Although much research has examined the “why” and “how” of Tat transport, many questions remain, particularly about the interaction with the substrate protein and formation of the translocase complex. In plants, the chloroplast (cp) cpTat pathway transports folded proteins, including essential photosystem I and II components, into the chloroplast thylakoid (reviewed in Celedon and Cline, 2013). Ma and Cline (pages 999–1015) examine the function of cpTatC, the cpTat subunit that binds the twin-Arg-containing signal peptide of the substrate protein and triggers assembly of the translocase. As a first step, the authors establish an in vitro model system to examine cpTatC function in isolated pea (Pisum sativum) chloroplasts. To do this, they show that imported cpTatC protein incorporates in the thylakoid membrane, functions in transport, and is affected by known mutations. Using this system to examine the function of mutant forms of cpTatC, they find that Ala-scanning mutations in the S1 and S2 segments (see figure) affect signal peptide recognition, but mutations in L1 and L2 affect Tat complex assembly. Binding assays and Cys-Cys cross-linking confirmed that S1 and S2 interact with the twin-Arg domain of the substrate signal peptide. The authors also show that L1 and L2 regions are important for the cpTatC–cpTatC interaction and for the interaction of cpTatC with other cpTat components.

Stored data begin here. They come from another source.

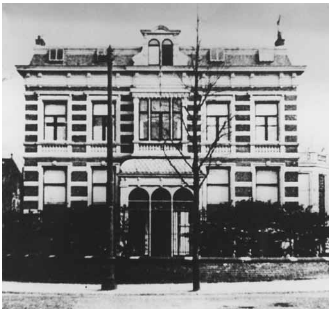
1. Villa Intimis, Duinweg 4, waar Roosje Pierson in 1896 komt te wonen.

De verhuizing naar Scheveningen bleek van beslissende invloed op het verdere leven van Roosje Pierson. Ze maakte kennis met het oude dorp en zijn bewoners en werd niet alleen getroffen door het eigen karakter en de diepgewortelde vroomheid, maar ook door de vaak erbarmelijke
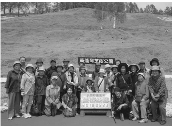
5/23 町社会福祉協議会の「ふれあい昼食交流会」が開催され、オホーツク管内大空町東藻琴の芝桜公園を見学しました。晴天にも恵まれ、参加者は一面満開のシバザクラを楽しみました。
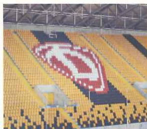
スタンドにも(ドレスデン)
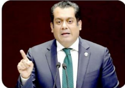
Sergio Gutiérrez Luna
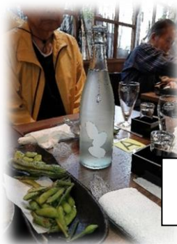
大嶺酒造 「夏純かすみ生酒」

【大嶺酒造】 山口県 アルコール度数 14.5 「夏純かすみ生酒」 50年の眠りから復活した幻の蔵 契約栽培された山口県産の山田錦を 50%まで磨き、手間 暇かけて醸しています。 底に沈んだ「もろみ」をゆっくりと上下させてグラスに注 ぎます。 程よい酸味があり微発泡性を感じさせます。
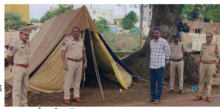
అక్షరవిజేత, ఏకారాబాద్ ప్రతినిధి
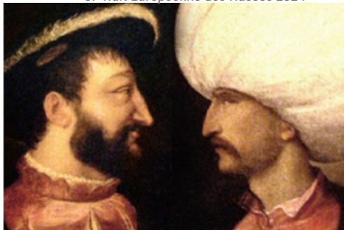
CP Exposition Les musulmans dans l'histoire de France
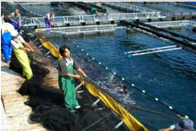
養殖鯛の出荷風景
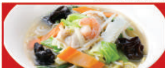
大阪チャンポン 850円(税込)
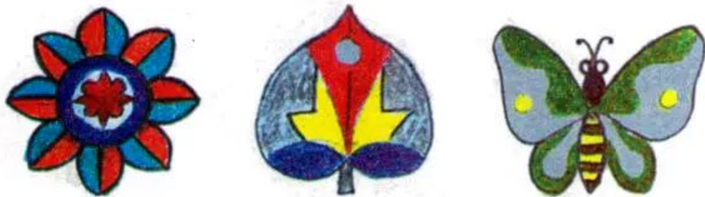
Hình 2. Hoa tiết trang trí
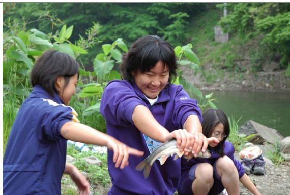
魚を捕まえる修学旅行生
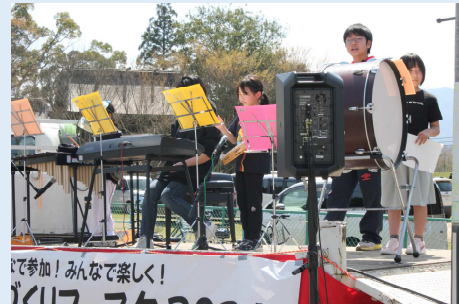
“庵我オーケストラ”による音楽演奏-その1-
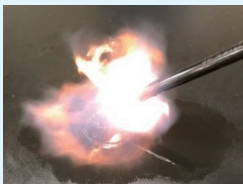
■ ガスマッチによる爆発 (P435, 写真 7)
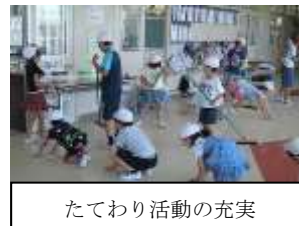
たてわり活動の充実
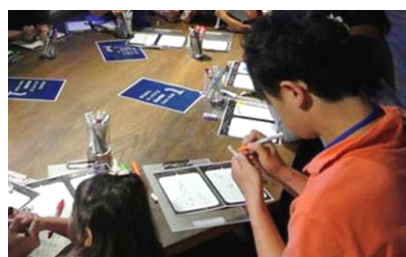
なぞのせいぶつ？ゆらゆらチンアナゴ

タイトル：なぞをときあかせ！チンアナゴ検定 開催期間：2014年11月1日(土)～11月30日(日) 開催時間：終日開催 開催場所：6階 チンアナゴ水槽付近 参加方法：当日受け付け 参加対象：小学生以上 参加料金：無料 開催内容：チンアナゴ博士を目指して検定にチャレンジ！チンアナゴ、ニシキアナゴ、ホワイトスポッテッドガーデンイール、マアナゴをよく観察すると答えが分かります。
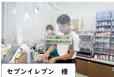
セブンイレブン 様
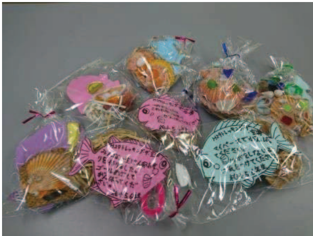
制作した安全祈願お守り
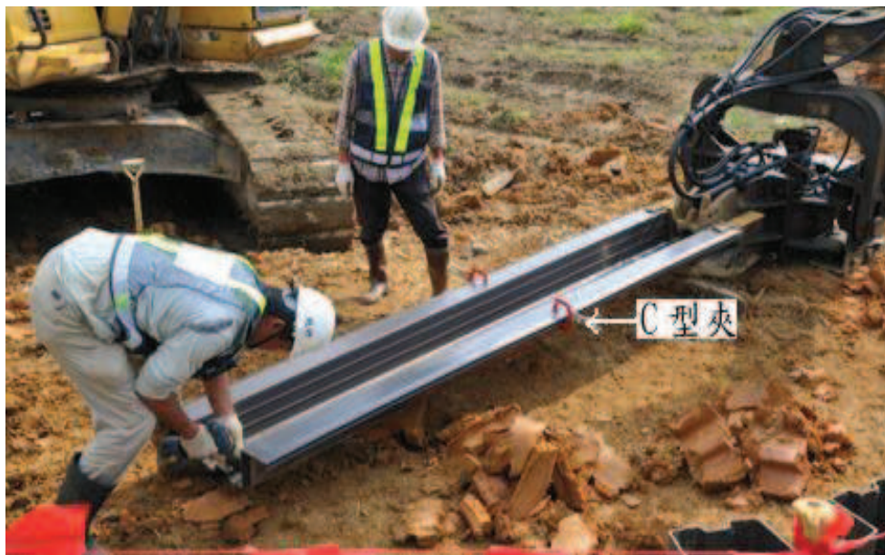
步驟三：中段以C型夾固定
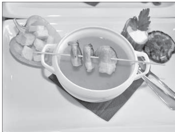
Суп из помидоров.
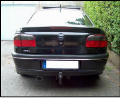
Fahrzeug mit AHK
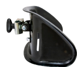
Ryggplatta med fäste

5000-0280-02 (S) Ryggstöd med 2 justerbara ryggplattor. 5000-0282-02 (M) Ingår: U-båge 45 cm. 5000-0284-02 (L) 2 ryggplattor, bälte och T-stolpe 27,2 x 350 mm. Passar 20-24".
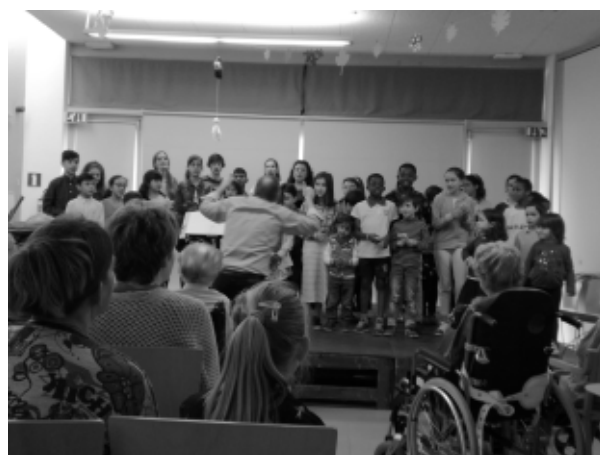
Lint: optreden van het kinderkoor verbonden aan de muziekcademie van Antwerpen

Mutagenesis of cpTatC. The cpTatC protein spans the thylakoid membrane (grey). Amino acids 1 to 67 are not shown. Conserved residues are indicated in tan, and residues corresponding to E. coli TatC essential residues are indicated in red. (Reprinted from Ma and Cline [2013], Figure 4A.)
In addition to examining individual components, this in vitro system can also be used to study the mechanism of the translocation step. The authors showed that substrate is efficiently transported while still cross-linked to the S1 or S2 domains of imported cpTatC. Thus, this system can be used to test the effects of mutant cpTatC proteins on translocation. This will enable examination of the mechanism of protein transport by the cpTat system to help solve outstanding questions, such as the means by which Tat transport harnesses the energy of the proton gradient.